If you really like it, offer now. Good luck and give us pics!


----------



## travlingypsy (Apr 5, 2008)

Indy- Yeah WA houses with acres are insane in prices. But this place is sorta in the middle of the state so property is more on the cheap side in eastern WA. 
They wont go any lower on the price, which is understandable. The fixer upper part is a nice way of saying cleaning their crap out of the house! When we went to see it, we looked at the bigger house first and right in the mud room there is a HUGE mountain of crap. Im 5'2 and it was like my shoulder hight. By the looks of things it needs cosmetic things and tlc to get it purdy. There was also a broken window...They are fairly newer homes so thats a plus. 
Ive never heard of a house warranty, like what kind of companies have them? 

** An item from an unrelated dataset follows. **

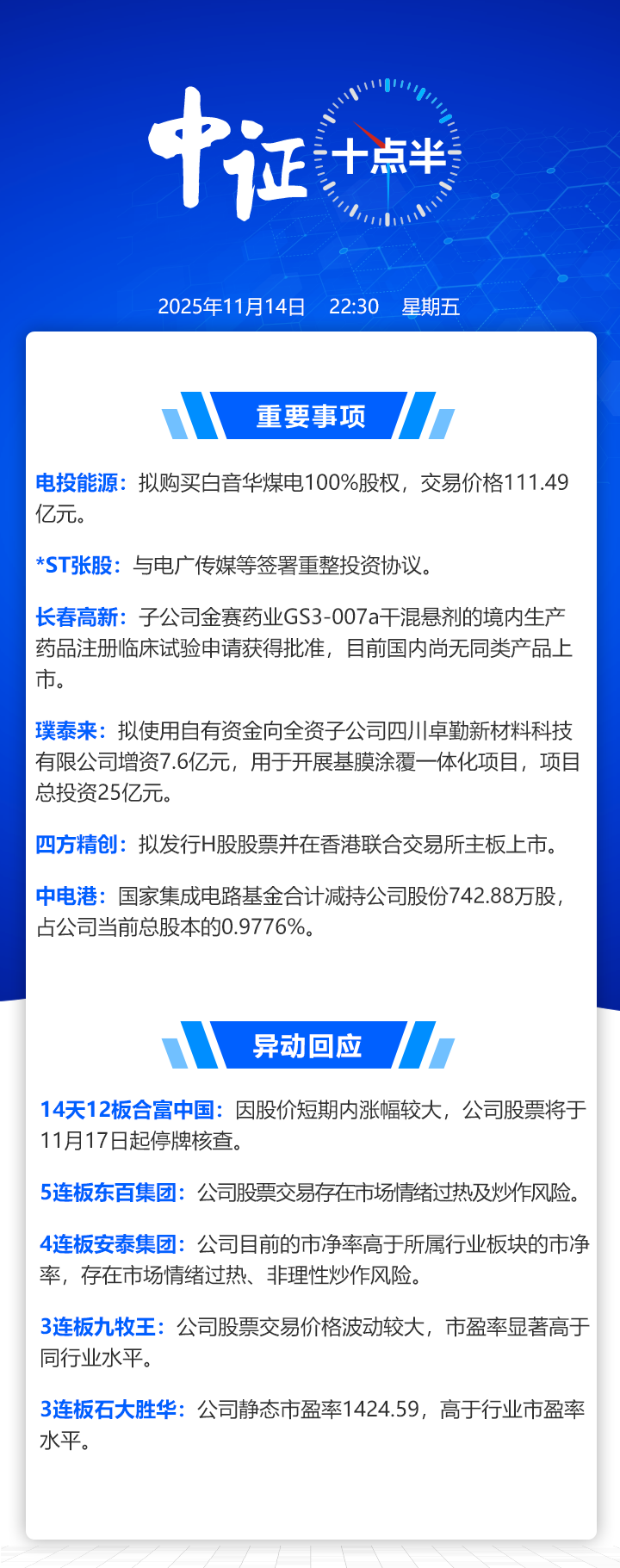 【中证十点半】14天12板牛股下周一起停牌核查;电投能源筹划重大资产重组

Thunderhooves- Really? Offer now? Im so nervous about if I offer then what if the usda loan part falls through, even though they didnt turn us down when we applied. And right now were just waiting to get the exact size amount all figured out n stuff. Im such a worry wart! Im pritty sure this is going to be my moms retirement house so no re-sale.Mine im hoping to stay until I get married then I can rent out in the summers for an amazing steal after its all purdy! Id have one heck of an income to start a family and spoil my horse needs. 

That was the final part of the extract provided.